I have tried disabling various performance xlators (see volume info below) but this behavior persists.

I have only tried this on a trivial one-brick volume, mounted locally, which I am using to test a libgfapi client.  I don't know if this problem affects multi-brick volumes or non-local clients.

Version-Release number of selected component (if applicable):

glusterfs 3.4.2 on ubuntu saucy

Linux zzbp 3.11.0-15-generic #25-Ubuntu SMP Thu Jan 30 17:22:01 UTC 2014 x86_64 x86_64 x86_64 GNU/Linux

How reproducible:

Consistently, on different localhost mounts of my one-brick test volume.  I first noticed this behavior happening between a fuse mount where the file was being deleted and a libgfapi client which was monitoring the directory.

I then tried reproducing the problem using two fuse clients and plain old bash commands and it happens every time.

Steps to Reproduce:

1. Make two fuse mounts of the same volume, /mnt/foo1 & /mnt/foo2, and open a shell in each one
2. In /mnt/foo1, create a test file
   echo test > test.file
3. In /mnt/foo2, run this command to monitor the file
   while true; do sleep 0.1; ls -la | grep test.file; stat -t test.file; done
4. Back in /mnt/foo1, delete the test file
   rm test.file
5. Check the output from the monitor in /mnt/foo2

Actual results:

Notice the output from stat changes 10 iterations after the output from ls changes, that's a full second later.

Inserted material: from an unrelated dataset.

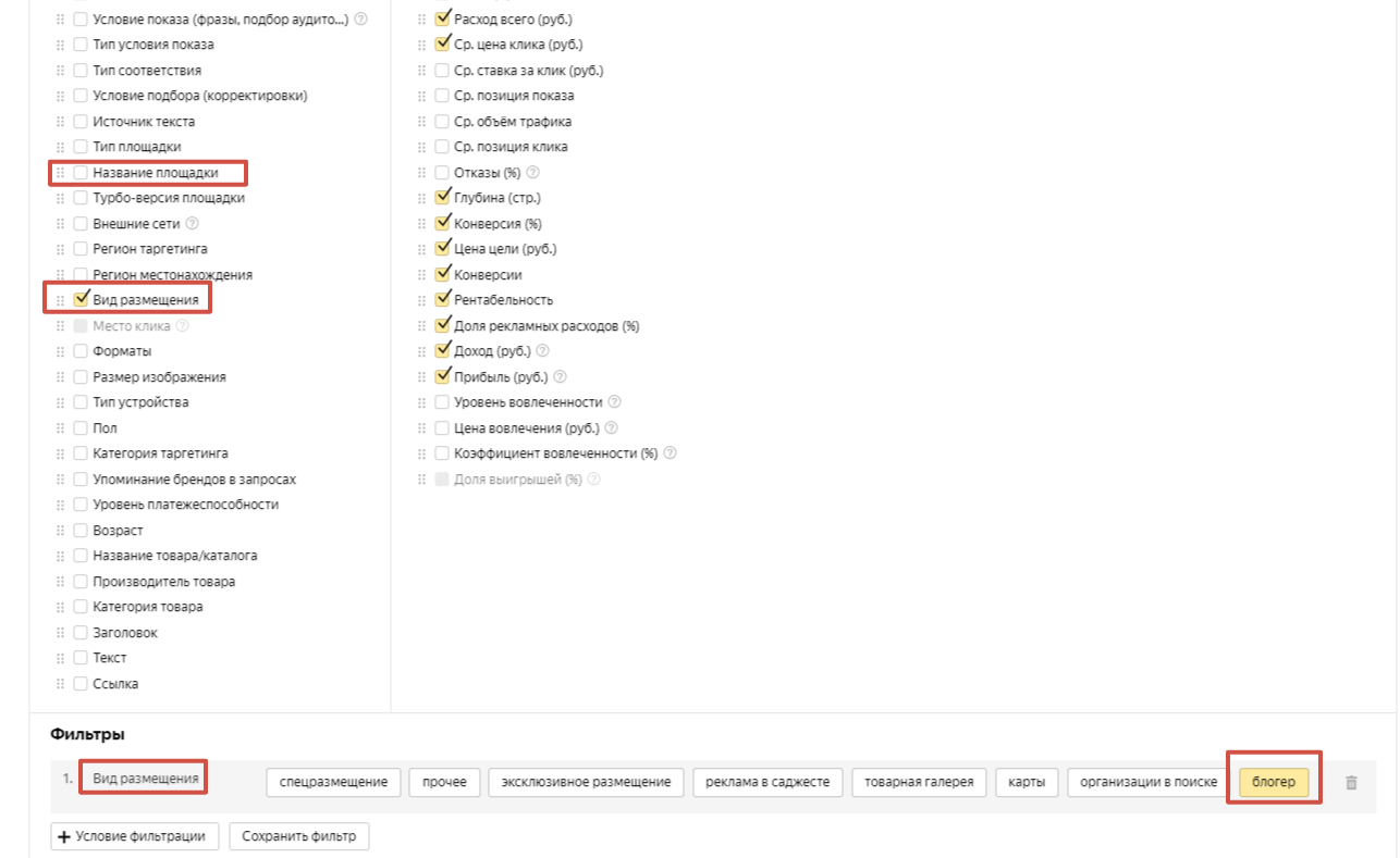 Все точно так же, как и в обычной кампании. В срезах Мастера отчетов надо выбрать «Название площадки» и «Вид размещения». При желании можно задать в фильтрах вид размещения — «Блогер».

-rw-r--r-- 1 root  root     5 Feb 15 21:18 test.file
test.file 5 1 81a4 0 0 26 9449262257167296185 1 0 0 1392517108 1392517108 1392517108 0 131072
-rw-r--r-- 1 root  root     5 Feb 15 21:18 test.file
test.file 5 1 81a4 0 0 26 9449262257167296185 1 0 0 1392517108 1392517108 1392517108 0 131072
-rw-r--r-- 1 root  root     5 Feb 15 21:18 test.file
test.file 5 1 81a4 0 0 26 9449262257167296185 1 0 0 1392517108 1392517108 1392517108 0 131072
test.file 5 1 81a4 0 0 26 9449262257167296185 1 0 0 1392517108 1392517108 1392517108 0 131072
test.file 5 1 81a4 0 0 26 9449262257167296185 1 0 0 1392517108 1392517108 1392517108 0 131072
test.file 5 1 81a4 0 0 26 9449262257167296185 1 0 0 1392517108 1392517108 1392517108 0 131072
test.file 5 1 81a4 0 0 26 9449262257167296185 1 0 0 1392517108 1392517108 1392517108 0 131072
test.file 5 1 81a4 0 0 26 9449262257167296185 1 0 0 1392517108 1392517108 1392517108 0 131072
test.file 5 1 81a4 0 0 26 9449262257167296185 1 0 0 1392517108 1392517108 1392517108 0 131072
test.file 5 1 81a4 0 0 26 9449262257167296185 1 0 0 1392517108 1392517108 1392517108 0 131072
test.file 5 1 81a4 0 0 26 9449262257167296185 1 0 0 1392517108 1392517108 1392517108 0 131072
stat: cannot stat ‘test.file’: No such file or directory
stat: cannot stat ‘test.file’: No such file or directory
stat: cannot stat ‘test.file’: No such file or directory
stat: cannot stat ‘test.file’: No such file or directory



Expected results:

The file should disappear from ls & stat at the same time, not one second apart.

Additional info:

My test volume details:

Volume Name: foo
Type: Distribute
Volume ID: 4bb5d118-be31-4bdb-a645-9a045241cc37
Status: Started
Number of Bricks: 1
Transport-type: tcp
Bricks:
Brick1: gluster:/var/tmp/foo
Options Reconfigured:
performance.md-cache-timeout: 0
performance.cache-refresh-timeout: 0
performance.flush-behind: off
diagnostics.brick-log-level: TRACE
diagnostics.client-log-level: DEBUG
server.allow-insecure: on
performance.quick-read: off
performance.write-behind: off

As mentioned above I tried disabling some performance xlators to get rid of this problem but nothing made a difference.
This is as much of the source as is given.